## Your task
Quote exactly, and only, the lines from the one containing "New 925 Sterling" through the end of the material below. Skip pictures.

Dataset content START

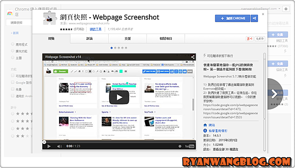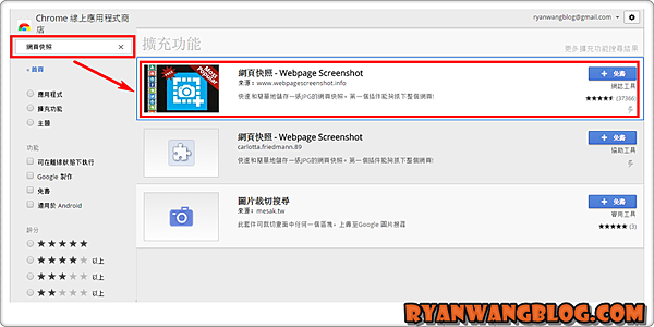 在Google Chrome線上應用程式商店的搜尋框內輸入"網頁快照",找到"網頁快照 - Webpage Screenshot"這個擴充功能,然後就立即下載安裝吧~~
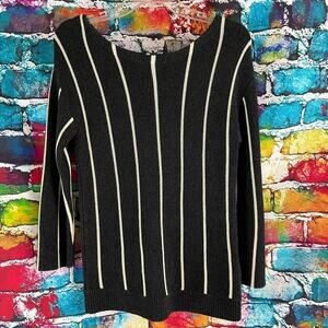 Banana Republic Merino Sweater Wool Blend Boatneck Vertical Striped Sweater S
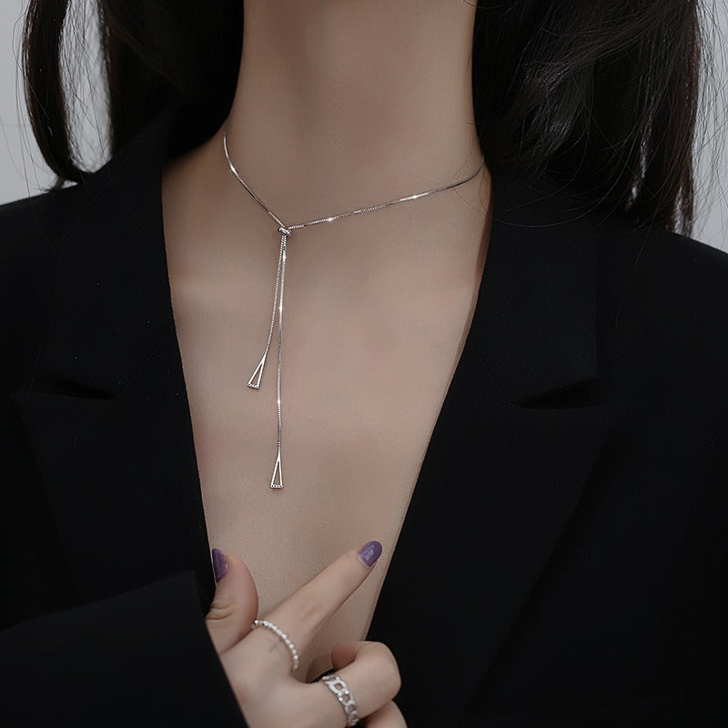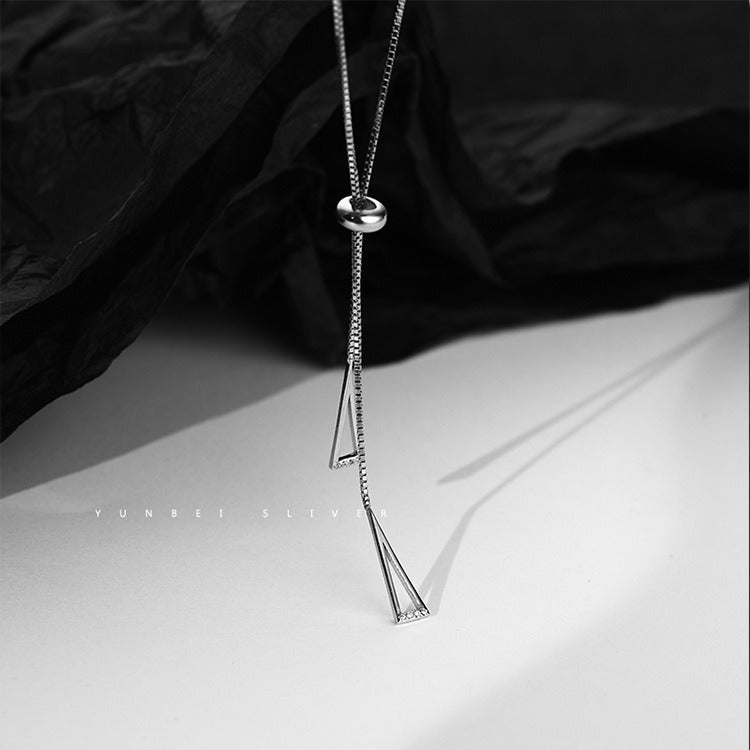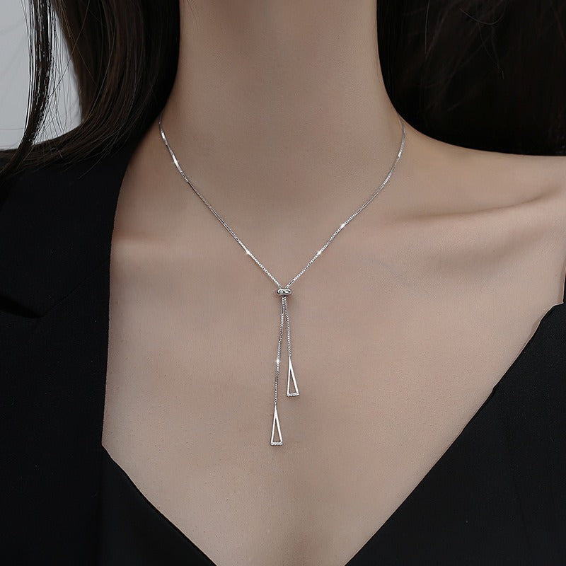 New 925 Sterling Silver Geometric Triangle Necklace for Women Adjustable Clavicle Chain sweater chain Rope chain Jewelry Gifts
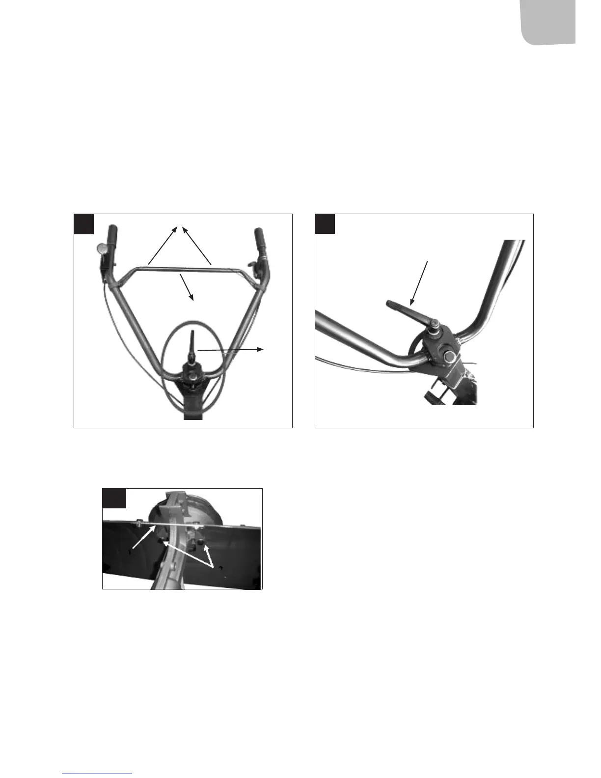 4. Lossa vajerfästet från det övre handtaget med en 4 mm insexnyckel (säljs separat). För in båda ändarna i tvärstycket (pos. 1, g. 1). Passa

Dataset content END

## Result
 New 925 Sterling Silver Geometric Triangle Necklace for Women Adjustable Clavicle Chain sweater chain Rope chain Jewelry Gifts
 4. Lossa vajerfästet från det övre handtaget med en 4 mm insexnyckel (säljs separat). För in båda ändarna i tvärstycket (pos. 1, g. 1). Passa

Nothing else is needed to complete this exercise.